Intense competition, demographic changes and demand for value, variety and service are the key factors to be considered when setting up a restaurant.

A successful restaurant, cafe or food establishment needs a well-defined concept, says Francis Loughran, director of Food Services Group Australia, who has 21 years of experience as a consultant for retail food and foodservice industries in Australia, New Zealand and Asia. He says the concept must include every aspect of the operation, from the food to the interior design, table top design and service standards - right down to the napkins - to offer customers a complete and satisfying experience.

Ed Poole, director of Singapore-based Poole Associates, says the restaurateur needs to have at least a few key basics in mind before seeking out a consultant. 'Generally, if the restaurateur does not have the name of the restaurant, the chef, the food they want to serve, the location in mind, we are not ready to look into the design of the restaurant', he says.

Restaurateurs must then decide on the theme - classical, contemporary, ultra-modern or alfresco - and support it with research into growth-area index, income levels, customer profiles, age distribution, household demographics and lifestyles and industry indicators from local and national restaurant and catering associations and industry bodies.


Of all the different concept elements, food and location are the most crucial in a restaurant's success; one may precede the other or even synergize to give birth to the beginnings of the concept.

In the case of new American ribs restaurant in Singapore, Bobby Rubino's The Place For Ribs, which opened in August 1996, Mr.
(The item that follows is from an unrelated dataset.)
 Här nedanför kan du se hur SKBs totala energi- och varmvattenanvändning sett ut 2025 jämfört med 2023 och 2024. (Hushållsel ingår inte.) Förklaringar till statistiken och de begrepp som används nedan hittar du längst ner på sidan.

Poole researched the origins of ribs to arrive at a Motown theme that reflects the Afro-American origins. The concept was then developed further with black and white floors reflecting the Chicago influences, American 'schoolroom' chairs, metal partitioning, leather banquettes in an overall casual 1960's jazz club setting. Taking into consideration the location of the restaurant, Mr. Poole also 'cleaned-up' the original menu and spruced up the logo design to appeal to the business and up-market target clientele expected at CHIJMES city central location.
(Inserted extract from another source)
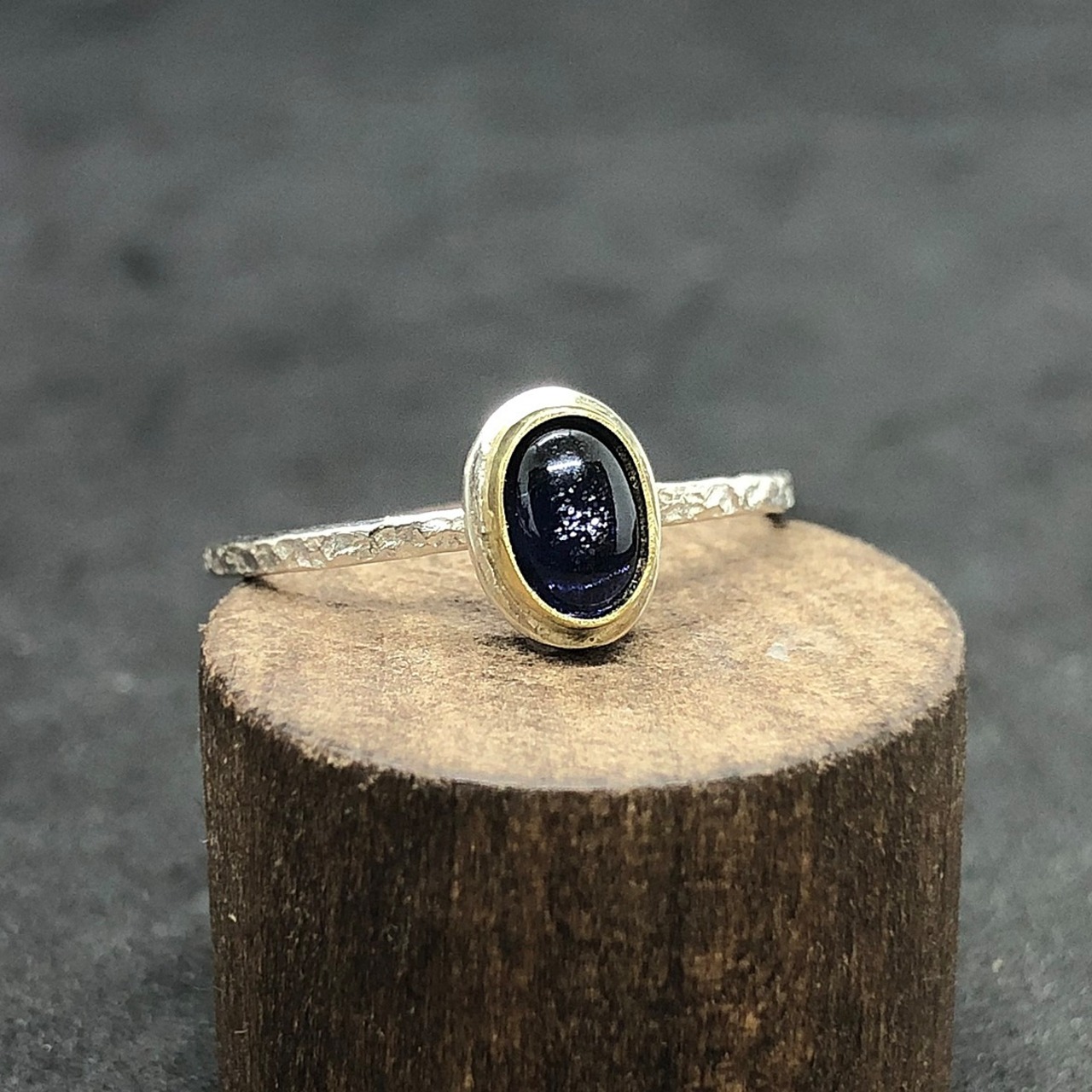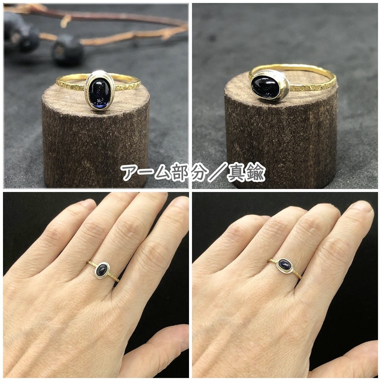 小振りのアイオライトに合わせてアーム部分も華奢なスターダストの槌目にしています。

A site in a building may prompt a restaurant theme, as in the case of Spot on the Hub in Singapore's Science Park, a science and technology center. Mr. Poole created a Renaissance theme symbolizing the revolution of art and science, using Leonardo da Vinci's paintings and giant colored apothecary's jars befitting its location. He says that once he and the owner saw the location, the concept came together in 15 minutes because the owner had a clear idea of the food he wanted to serve. 'We took advantage of the huge curved windows on one side fronting lush foliage, had the tables radiating around them and filled the center with round tables. To create intimacy in a spacious setting, we broke the monotony with cheesecloth curtains'. The rest was just efficient planning and some clever tricks such as removing suspended ceilings, hiding ugly pipes and shifting air-conditioning ducts to one side and shielding them with fish-eyed portholes for long term aesthetic effect.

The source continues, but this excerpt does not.